A Trend-following Trading Indicator on Homomorphically Encrypted Data
This work addresses privacy concerns for quantitative analysts in algorithmic trading by enabling encrypted data processing, though it is incremental as it adapts an existing indicator to encrypted data.
The paper tackles the problem of implementing a trend-following trading indicator on homomorphically encrypted market data to enable algorithmic trading while preserving privacy, achieving percentage errors of 0.14916% with SEAL and 0.00020% with HEAAN compared to plaintext.
Algorithmic trading has proliferated the area of quantitative finance for already over a decade. The decisions are made without human intervention using the data provided by brokerage firms and exchanges.

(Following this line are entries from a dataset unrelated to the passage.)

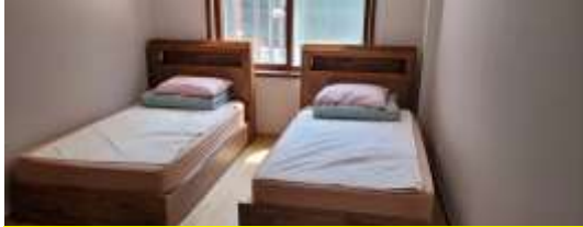
침대 2인실 (1박 50,000원)
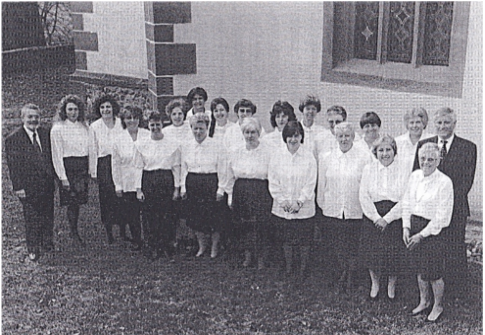
Der Chor 1996

Der evangelische Kirchenchor Heiligkreuz konnte im Jahr 2021 auf sein 100-jähriges Bestehen zurückblicken. Aus gegebenem Anlass findet nun der Festgottesdienst am Sonntag, dem 29. Mai in der altertümlichen Kirche zu Heiligkreuz statt. In diesem Festgottesdienst werden auch langjährige engagierte Sängerinnen geehrt. Die Gemeinde ist zu diesem besonderen Gottesdienst herzlich eingeladen. (a.w.)
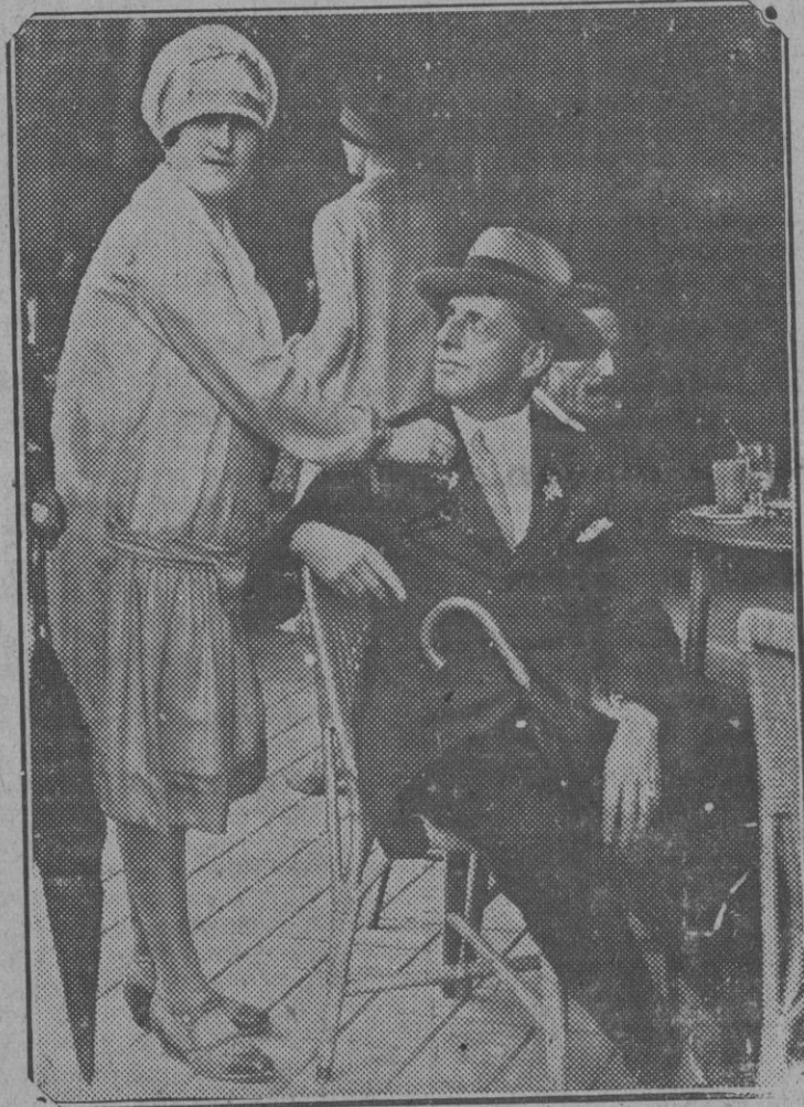
La Fiesta de la Flor.—Un sablazo que no duele
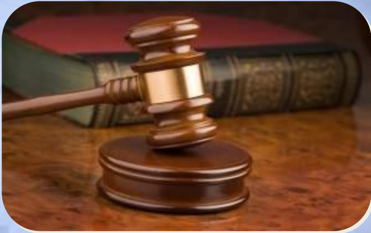
Обращение в суд
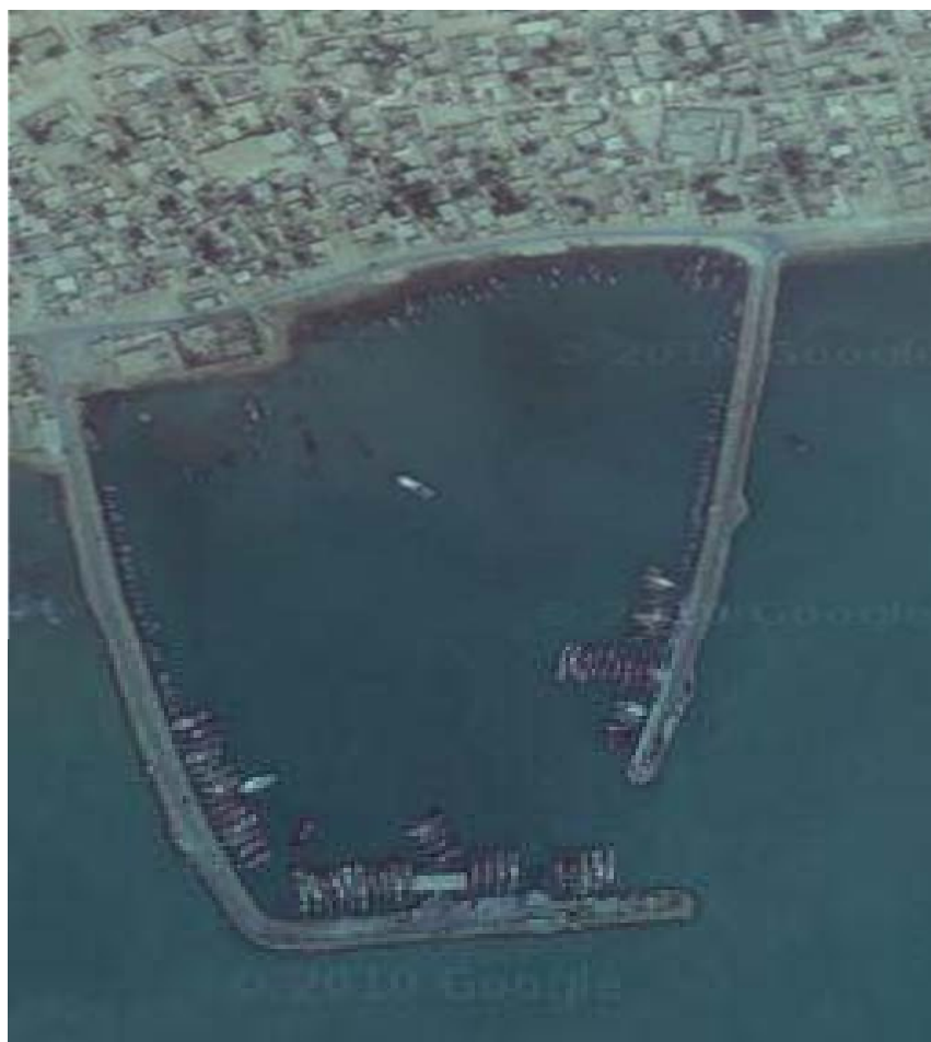
شکل ۱- عکس ماهواره ای از اسکله بندرگاه در بوشهر، محل تهیه نمونه ها

تحقیق انجام شده در ماه‌های بهمن ۱۳۸۸ و شهریور ۱۳۸۹ بر روی ماهیان صید شده از بندر بوشهر با مختصات جغرافیایی ۲۸ درجه و ۴۲ دقیقه‌ی عرض شمالی و ۵۰ درجه و ۵۴ دقیقه‌ی طول شرقی انجام گرفت. در هر بار نمونه برداری ۹ عدد ماهی صید و انتخاب و پس از بیومتری در ۳ محدوده‌ی اندازه‌ای ۲۷ تا ۳۲ سانتی متر (ماهی کوچک)، ۳۲ تا ۳۷ سانتی متر (ماهی متوسط) و ۴۱ تا ۴۶ سانتی متر (ماهی بزرگ) تفکیک گردید. ماهی‌ها داخل کیسه‌ی پلاستیکی قرار داده شده و در دمای ۳۰- درجه‌ی سانتی گراد تا زمان آنالیز نگهداری شدند.
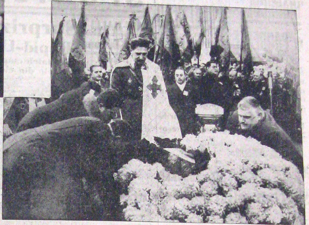
Capitala a cunoscut ieri una dintre cele mai grandioase manifestații de solidaritate națională. La mormântul Eroului Necunoscut au venit să se închine ieri toți foștii luptători în războiul pentru întregirea neamului. În clișeul de sus o delegație depune o coroană de crizanteme albe, omagiu pentru jertfa celor căzuți la datorie.

There is an emerging intermediate layer of financial players that are placed in between a broker and algorithmic traders. The role of these players is to aggregate market decisions from the algorithmic traders and send a final market order to a broker. In return, the quantitative analysts receive incentives proportional to the correctness of their predictions. In such a setup, the intermediate player - an aggregator - does not provide the market data in plaintext but encrypts it. Encrypting market data prevents quantitative analysts from trading on their own, as well as keeps valuable financial data private. This paper proposes an implementation of a popular trend-following indicator with two different homomorphic encryption libraries - SEAL and HEAAN - and compares it to the trading indicator implemented for plaintext. Then an attempt to implement a trading strategy is presented and analysed. The trading indicator implemented with SEAL and HEAAN is almost identical to that implemented on the plaintext, the percentage error is of 0.14916% and 0.00020% respectively. Despite many limitations that homomorphic encryption imposes on this algorithm's implementation, quantitative finance has a high potential of benefiting from the methods of homomorphic encryption.